We can now launch training using a set of sane hyper-parameters for our model. This is a 3-gram FFLM since the context size is set to 2. On a Colab GPU, a single epoch should take around 1 minute.

In [None]:
# Set the seed for reproducible results
fix_seed(30494)

fflm_model = FFLM(
    len(vocab),       # vocabulary size
    emb_dim=128,      # word embedding dim
    hid_dim=128,      # hidden layer dim
    context_size=2,   # C = (N-1) if you think in n-gram LM terminology
    dropout=0.4,      # dropout probability
)

# move to device
fflm_model.to(DEVICE)

# Initial learning rate for the optimizer
FFLM_INIT_LR = 0.001

# Create the optimizer
fflm_optimizer = torch.optim.Adam(fflm_model.parameters(), lr=FFLM_INIT_LR)
print(fflm_model)

print('Starting training!')
# NOTE: If you happen to have memory errors, try decreasing the batch size
# It will print progress every 1000 batches
fflm_model.train_model(fflm_optimizer, train, valid, test, n_epochs=5, batch_size=256, shuffle=True)

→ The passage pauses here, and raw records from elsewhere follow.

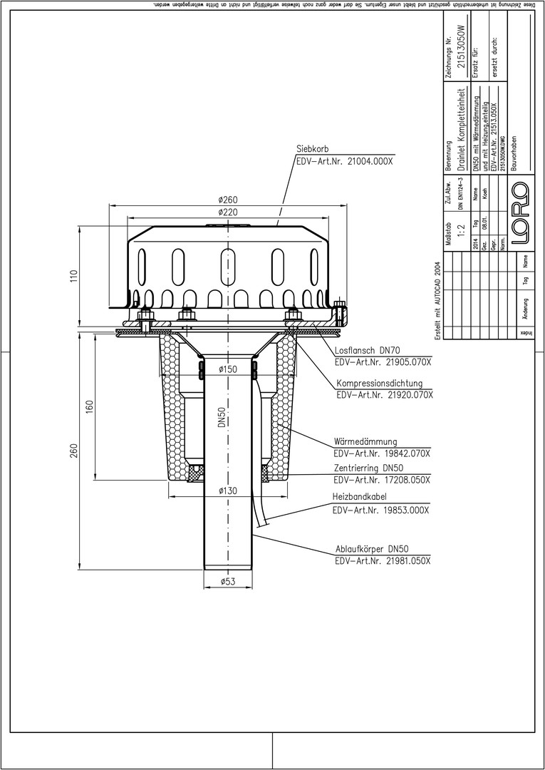 LORO DRAINLET Komplett-Flachdachablauf Serie 84 DN 50, Wärmedämmung und Heizung, Klemmflansch, Auslauf senkrecht, einteilig, Hauptentwässerung
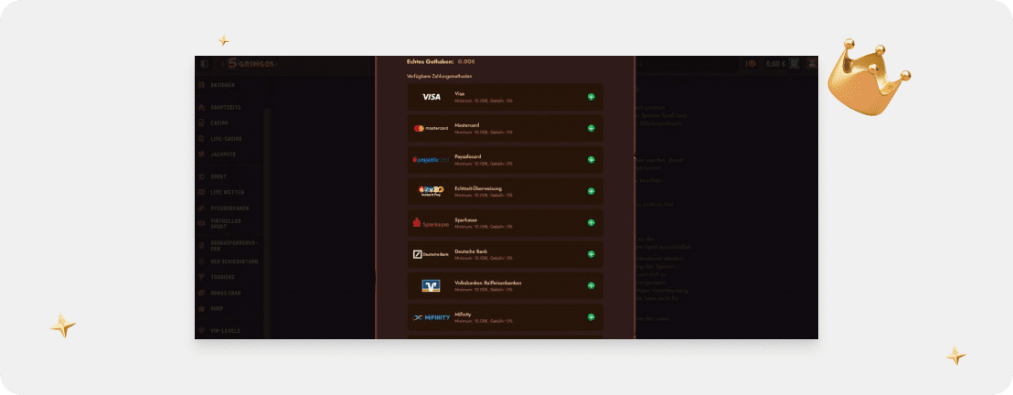 Während viele deutsche Spielhallen inzwischen eine sehr schmale Auswahl an Zahlungsmethoden in petto haben, ist das Portfolio im 5Gringos Online Casino deutlich größer.
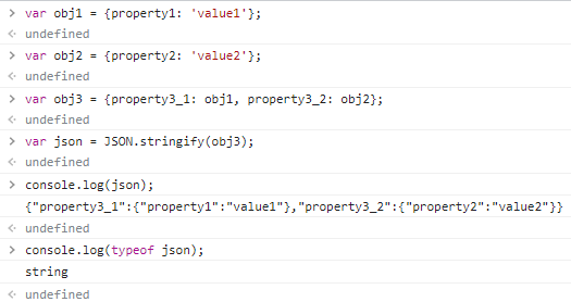 2번의 경우 만약 JSON이라는 기준이 없었다면 네트워크 통신시 obj3객체를 담아 보낸다면 받는 쪽에서는 obj3의 property3_1, property3_2에 해당하는 프로퍼티에 해당하는 값이 무엇인지 알길이 없다.
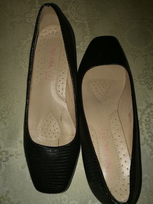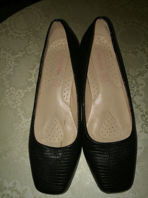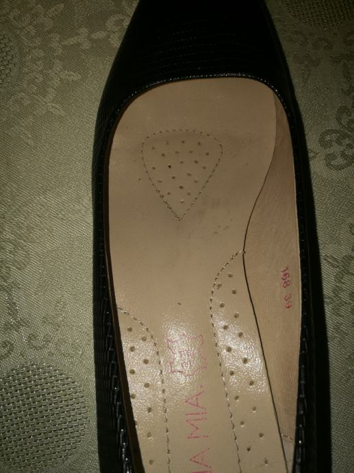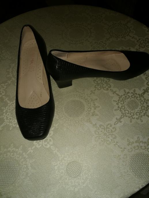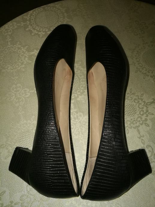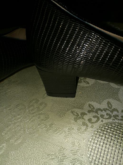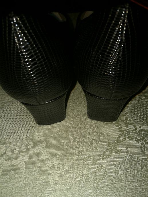 Crne, elegantne cipele, uzorka poput zmijske koze, broj 39.Potpetica od 4 cm za ugodno nošenje, kao i kozna unutrašnjost cipele. Dostava nije uključena u cijenu. Na području Zagreba dostava po dogovoru.
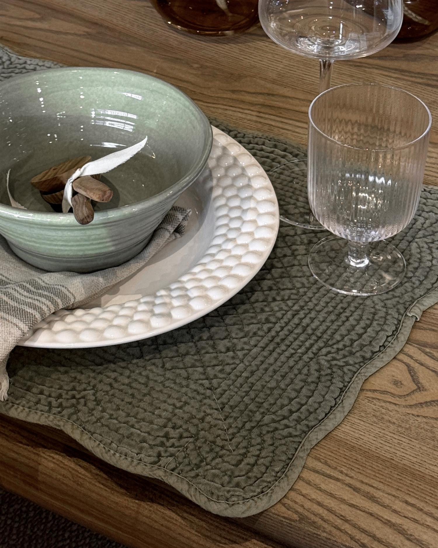 Avlang spisebrikke med quiltet mønster i bomullsvelour.
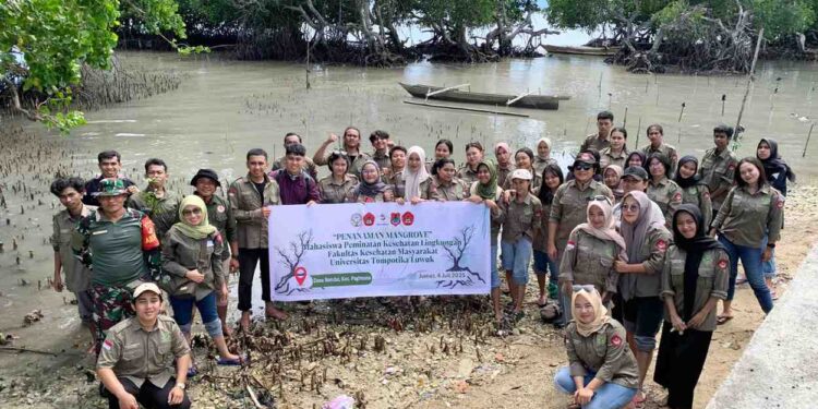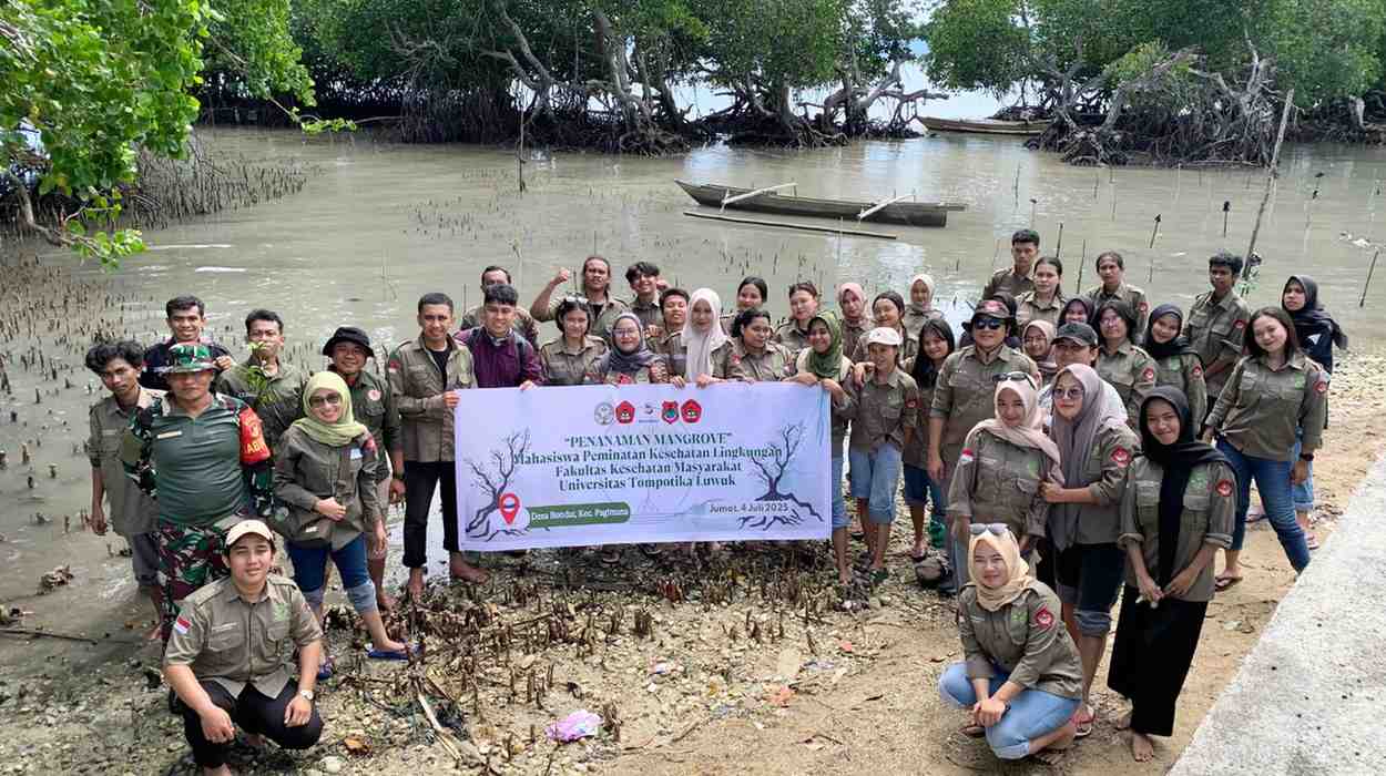 KILASBANGGAI.COM, PAGIMANA– Puluhan mahasiswa program studi Kesehatan Masyarakat Universitas Tompotika (Untika) Luwuk melaksanakan kegiatan penanaman mangrove di pesisir Desa Bondat, Kecamatan Pagimana, Kabupaten Banggai, Jumat (4/7/2025).
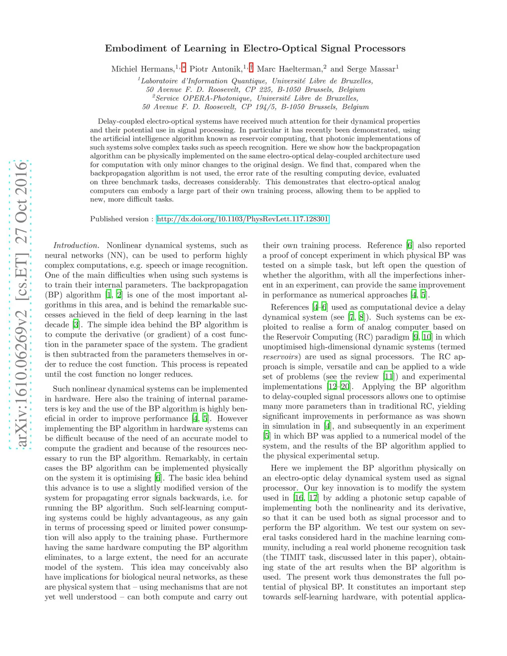 Delay-coupled electro-optical systems have received much attention for their dynamical properties and their potential use in signal processing. In particular it has recently been demonstrated, using the artificial intelligence algorithm known as reservoir computing, that photonic implementations of such systems solve complex tasks such as speech recognition. Here we show how the backpropagation algorithm can be physically implemented on the same electro-optical delay-coupled architecture used for computation with only minor changes to the original design. We find that, compared when the backpropagation algorithm is not used, the error rate of the resulting computing device, evaluated on three benchmark tasks, decreases considerably. This demonstrates that electro-optical analog computers can embody a large part of their own training process, allowing them to be applied to new, more difficult tasks.
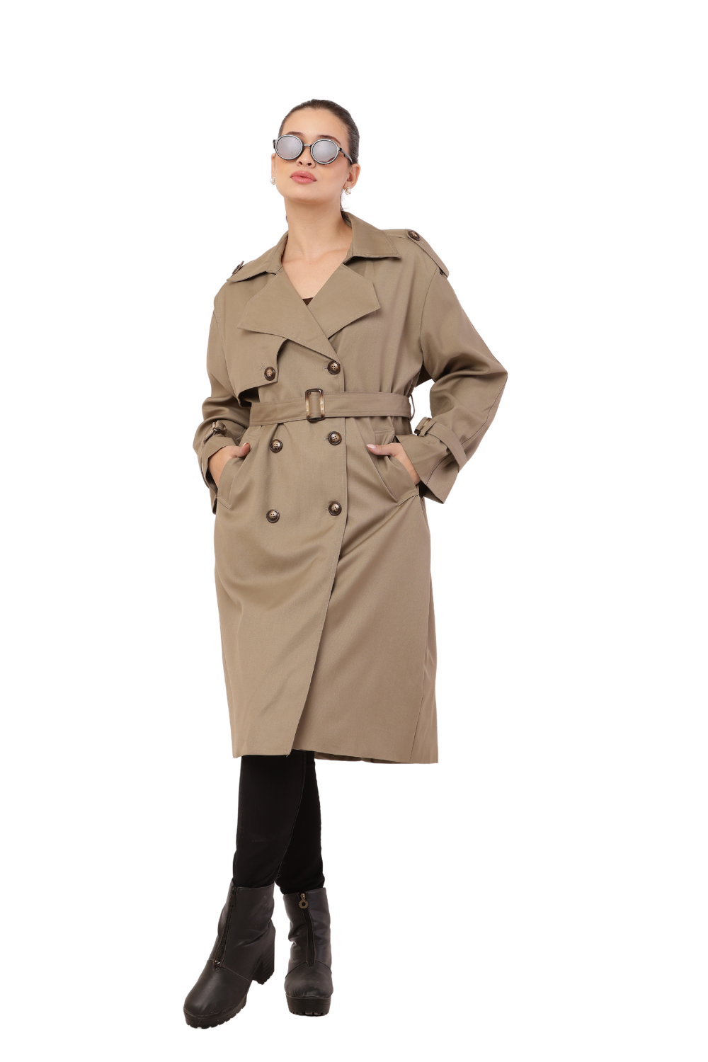 Korean-style Double-Breasted Trench Coat for Women- Classic and Stylish Outwear
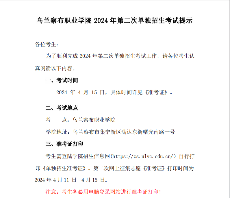 乌兰察布职业学院 2024 年第二次单独招生考试提示
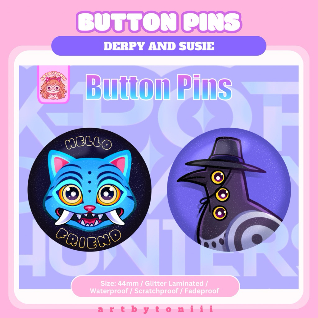 DERPY AND SUSIE KPOP DEMON HUNTERS BUTTON PINS 44mm | Glitter | artbytoniii
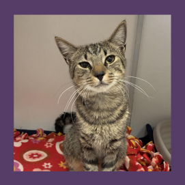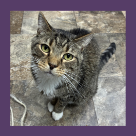 Salad is about 5 years old. There are no known health concerns. He is neutered, vaccinated, negative for FeLV/FIV, litter trained and microchipped. Due to an injury, Salad’s tail needed to be
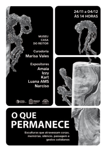 De 24/11 a 4/12, o Museu Casa do Reitor recebe a mostra “O que permanece: esculturas que atravessam corpo, memória, silêncio, passagem e gestos cotidianos” que apresenta os trabalhos finais do Projeto Artístico, eixo de Escultura do curso de Belas Artes da Universidade Federal Rural do Rio de Janeiro (UFRRJ).
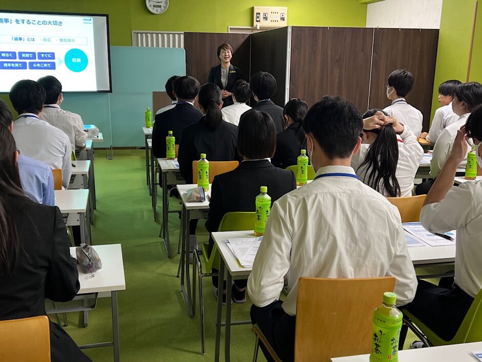 社会人として求められる基本的な礼節やマナー、第一印象の大切さ、言葉遣いや立ち居振る舞いなど、一般企業でも実際に行われている内容を、具体例を交えながらお話しいただきました。
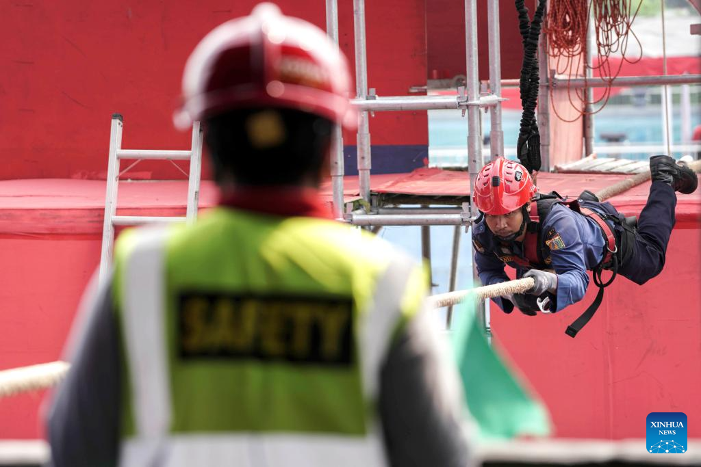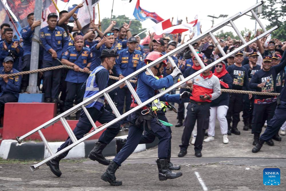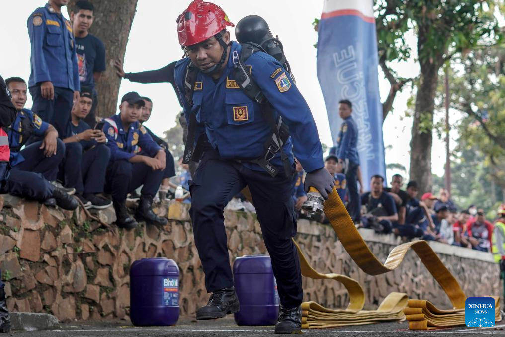 A firefighter participates in a competition at the Jakarta Fire Fighter Challenge (JFFC) 2025 in Jakarta, Indonesia, Aug. 11, 2025. (Photo by B. Nugraha/Xinhua)
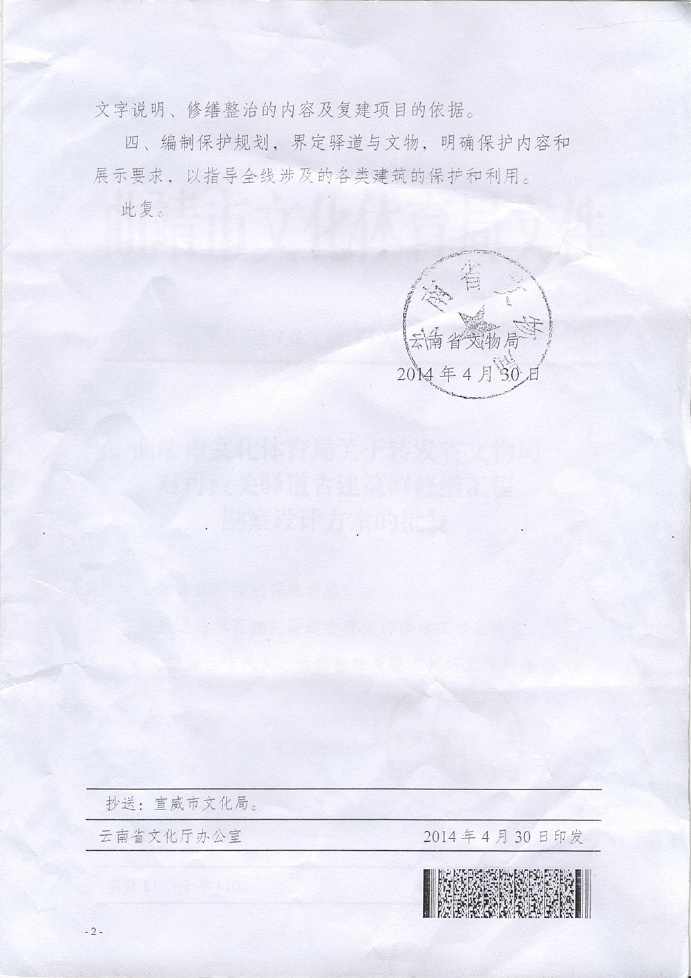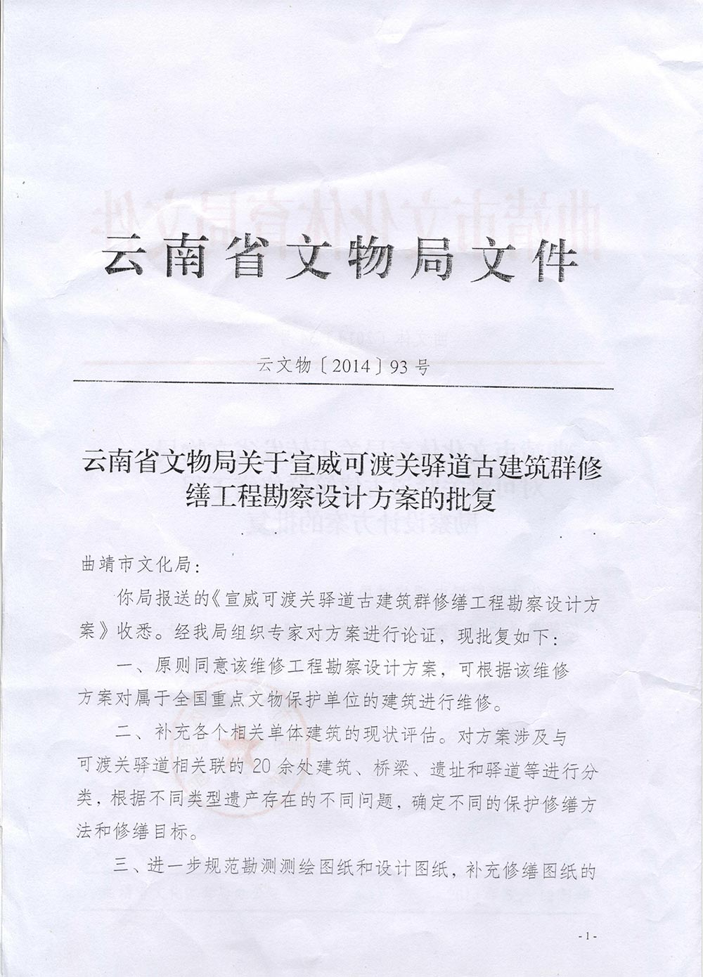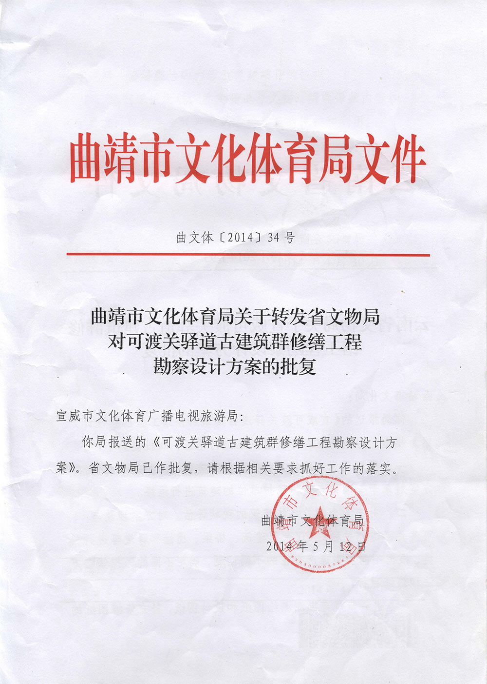曲靖市文化体育局关于转发省文物局对可渡关驿道古建筑群修复方案

**Q: If everything goes well, you should see a loss of around ~10.4 printed as the first loss. This will still be the case if you change the random seed to some other number before model construction i.e. the culprit is not the exact values that they take. Can you come up with a simple mathematical formula which yields that value?**

In [None]:
##########################
# Answer to question above
##########################
print("<TODO: put the formula here which computes the value>")

### Exercises

With the default settings above, you should end up with a validation perplexity of $\sim257$ and a final test set perplexity of $\sim238$ at the end of 5th epoch. Now here are some exercises that you can proceed with:

---

**Q: Remove the `tanh()` non-linearity from the code so that the context is computed as a linear combination of its embeddings. How does the results compare to the initial one? Do you think non-linearity helps?**

**Q: Compare the results by rerunning the training with unshuffled batches i.e. with `shuffle=False`. What do you notice in terms of results?**

**Q: Play with hyper-parameters related to dimensions and dropout. Could you find a model with smaller perplexity?**

**Q: Try with different context sizes such as 3, 5, 7, etc. What is the best perplexity you can get?**

## Recurrent Language Models (RNNLM)

It is now time to switch to more complex LMs, basically the recurrent ones which have access to large context windows. 

### Model definition

You will notice that apart from the `train_model()` and `get_batches()` methods, the remaining parts look similar to `FFLM`. Take your time to compare both models. Read `get_batches()` thoroughly as preparing the batches and chunking into further fragments for BPTT is pretty interesting and may be unintuitive at first look.

---

**Q: Follow the comments in the `RNNLM` class to fill in the missing parts with some actual code. You will come back here when you reach the question regarding the support for LSTM. So, skip LSTM-related TODO's for now.**

In [None]:
class RNNLM(nn.Module):
  """RNN-based LM module."""
  def __init__(self, vocab_size, emb_dim, hid_dim, rnn_type='RNN',
               n_layers=1, dropout=0.5, clip_gradient_norm=1.0,
               bptt_steps=35):
    # Call parent's __init__ first
    super(RNNLM, self).__init__()
    
    # Store arguments
    self.vocab_size = vocab_size
    self.emb_dim = emb_dim
    self.hid_dim = hid_dim
    self.clip_gradient_norm = clip_gradient_norm
    self.bptt_steps = bptt_steps
    self.n_layers = n_layers
    self.rnn_type = rnn_type.upper()

    # This will be used to store the detached histories for truncated BPTT
    self.prev_histories = None
  
    # Create the loss, don't sum or average, we'll take care of it
    # in the training loop for logging purposes
    self.loss = nn.CrossEntropyLoss(reduction='none')
    
    # Create the dropout
    self.drop = nn.Dropout(p=dropout)
    
    # Create the embedding layer as usual
    self.emb = nn.Embedding(
      num_embeddings=self.vocab_size, embedding_dim=self.emb_dim,
      padding_idx=0)
    
    # Create the RNN layer
    if self.rnn_type == 'RNN':
      self.rnn = nn.RNN( 
          input_size=self.emb_dim, hidden_size=self.hid_dim,
          num_layers=self.n_layers, nonlinearity='tanh')
    elif self.rnn_type == 'GRU':
      self.rnn = nn.GRU(
          input_size=self.emb_dim, hidden_size=self.hid_dim,
          num_layers=self.n_layers)
    elif self.rnn_type == 'LSTM':
      #####################################
      # Q: Fill in to create the LSTM layer
      #####################################
      self.rnn = "<TODO>"
   
    # Create the output layer: maps the hidden state of the RNN to vocabulary
    self.out = nn.Linear(self.hid_dim, self.vocab_size)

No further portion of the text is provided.